__DIRECTIONS FOR THIS TASK__: Pictures are not part of the copy; retype all the records below exactly.

[Stored items]
# # # # # # #
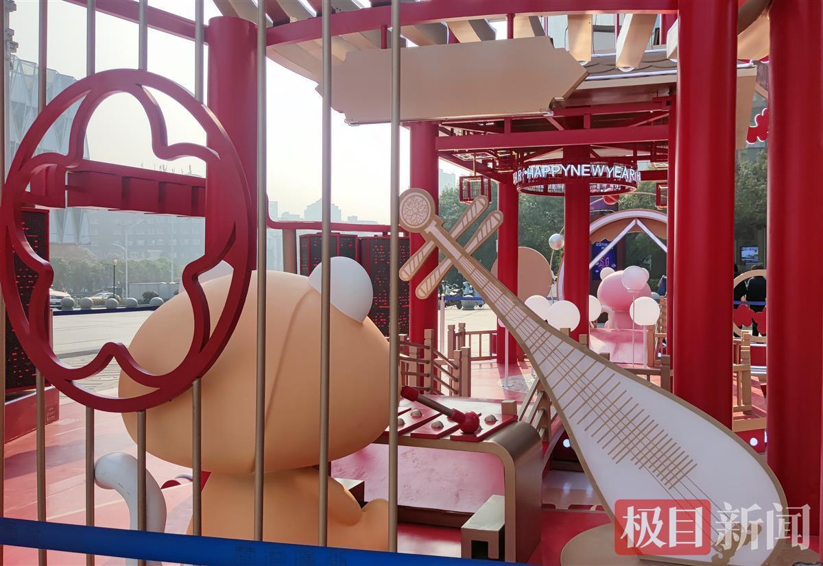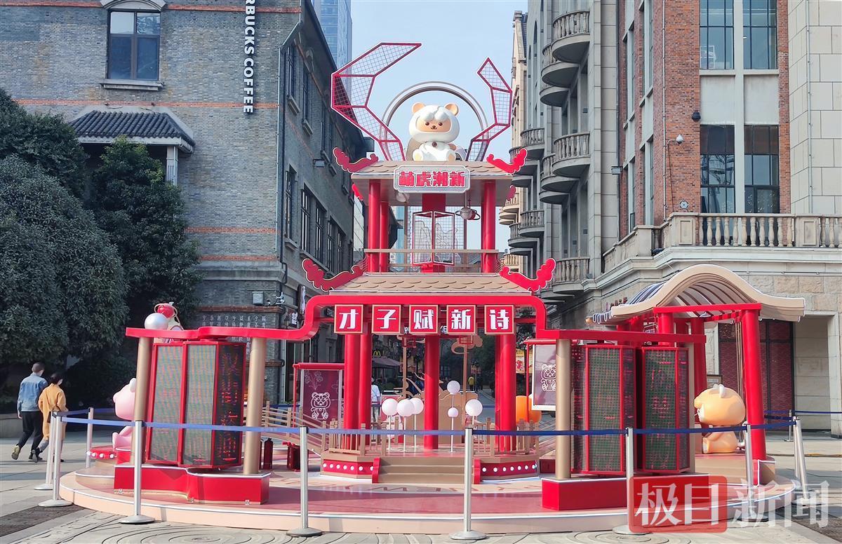“辞旧岁,迎新年”,虎年新年即将到来。12月10日,喜庆的2022新年“萌虎贺岁”亭台,竖立在武昌汉街街口广场上。
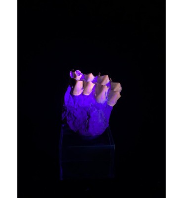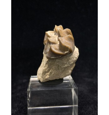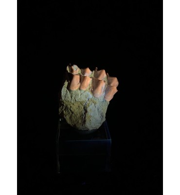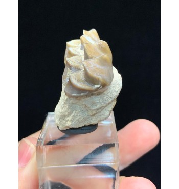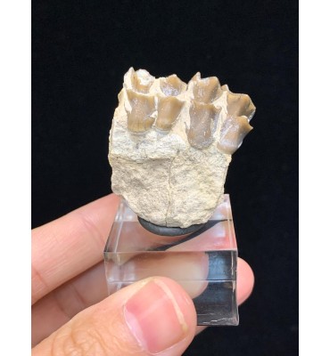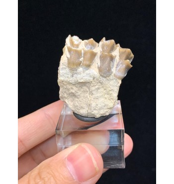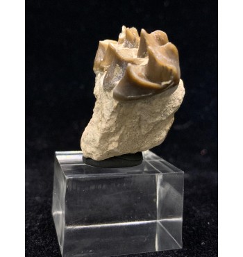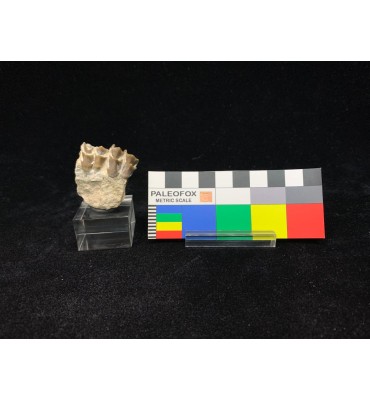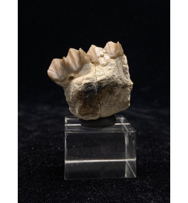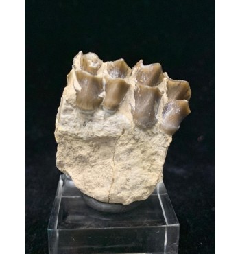 This specimen is composed of teeth still inserted in the jaw with dentin and intact roots, comes from the Brule Formation in South Dakota, about 32-34 million years old. Oreodonts are extinct mammals more closely related to camels and pigs, although they do not have close relatives living today. They were omnivorous animals with short faces and tusked fangs. With a similar size of a sheep. They roamed the plains of North America in packs of many specimens during the Oligocene period. Fossil accompanied by label and plastic box
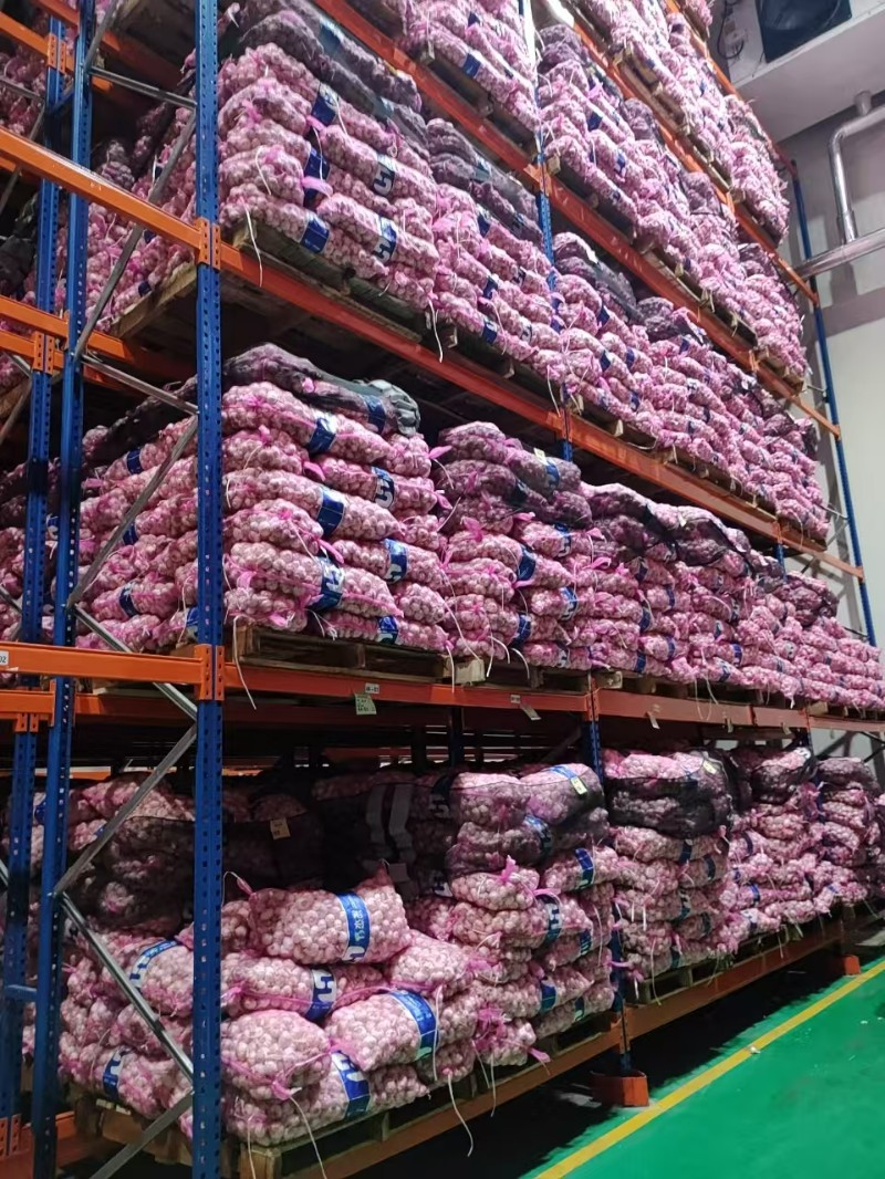 金鄉(xiāng)縣和福隆水發(fā)農(nóng)業(yè)發(fā)展有限公司通過全鏈條技術(shù)應(yīng)用實現(xiàn)大蒜長時保鮮。在源頭精選金鄉(xiāng)紫皮蒜、杞縣白皮蒜等耐儲品種,初加工環(huán)節(jié)嚴(yán)格分揀剔除瑕疵蒜,避免機械損傷影響保鮮。核心采用現(xiàn)代冷鏈技術(shù),構(gòu)建從倉儲到運輸?shù)娜虦乜伢w系,通過冷鏈倉儲和運輸設(shè)備精確控制適宜溫度,確保大蒜在倉庫、集裝箱及各運輸環(huán)節(jié)均處于穩(wěn)定保鮮環(huán)境,實現(xiàn)從中國田間到東南亞、歐洲等全球市場的冷鏈無縫銜接,大幅延長保鮮周期,保障大蒜到達(dá)世界餐桌時仍保持良好新鮮度。
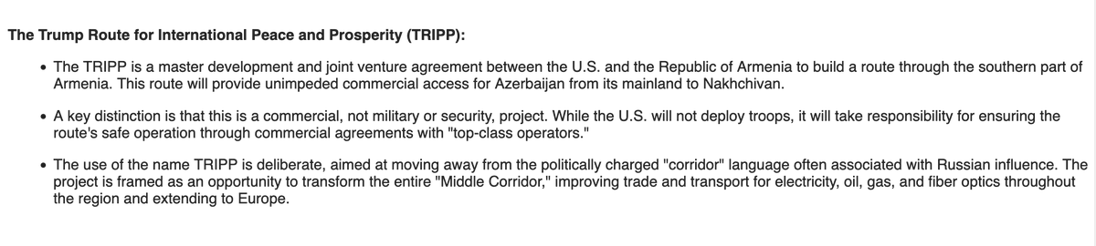 There's no longer corridor. The central focus of the summit is a new transit and development plan called the "Trump Route for International Peace and Prosperity" or TRIPP.
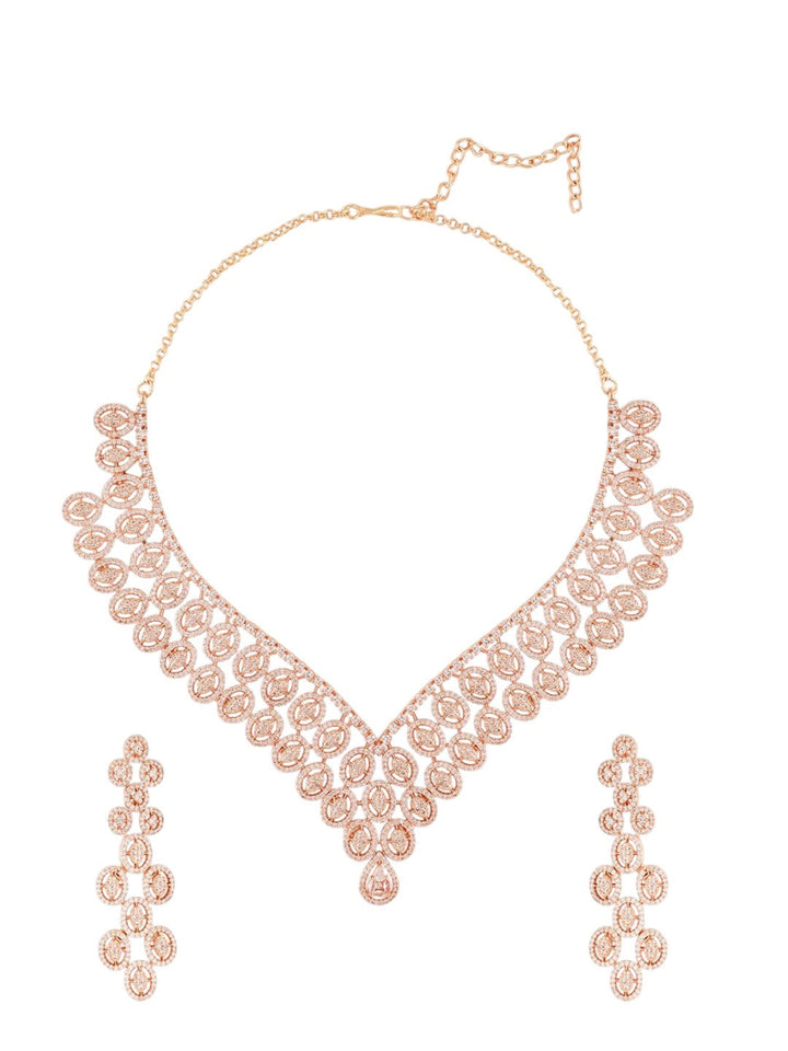Rose Gold-Plated Cubic Zirconia Studded Jewellery Set
# # # # # # #
__WORKED SOLUTION__:
“辞旧岁,迎新年”,虎年新年即将到来。12月10日,喜庆的2022新年“萌虎贺岁”亭台,竖立在武昌汉街街口广场上。
 This specimen is composed of teeth still inserted in the jaw with dentin and intact roots, comes from the Brule Formation in South Dakota, about 32-34 million years old. Oreodonts are extinct mammals more closely related to camels and pigs, although they do not have close relatives living today. They were omnivorous animals with short faces and tusked fangs. With a similar size of a sheep. They roamed the plains of North America in packs of many specimens during the Oligocene period. Fossil accompanied by label and plastic box
 金鄉(xiāng)縣和福隆水發(fā)農(nóng)業(yè)發(fā)展有限公司通過全鏈條技術(shù)應(yīng)用實現(xiàn)大蒜長時保鮮。在源頭精選金鄉(xiāng)紫皮蒜、杞縣白皮蒜等耐儲品種,初加工環(huán)節(jié)嚴(yán)格分揀剔除瑕疵蒜,避免機械損傷影響保鮮。核心采用現(xiàn)代冷鏈技術(shù),構(gòu)建從倉儲到運輸?shù)娜虦乜伢w系,通過冷鏈倉儲和運輸設(shè)備精確控制適宜溫度,確保大蒜在倉庫、集裝箱及各運輸環(huán)節(jié)均處于穩(wěn)定保鮮環(huán)境,實現(xiàn)從中國田間到東南亞、歐洲等全球市場的冷鏈無縫銜接,大幅延長保鮮周期,保障大蒜到達(dá)世界餐桌時仍保持良好新鮮度。
 There's no longer corridor. The central focus of the summit is a new transit and development plan called the "Trump Route for International Peace and Prosperity" or TRIPP.
Rose Gold-Plated Cubic Zirconia Studded Jewellery Set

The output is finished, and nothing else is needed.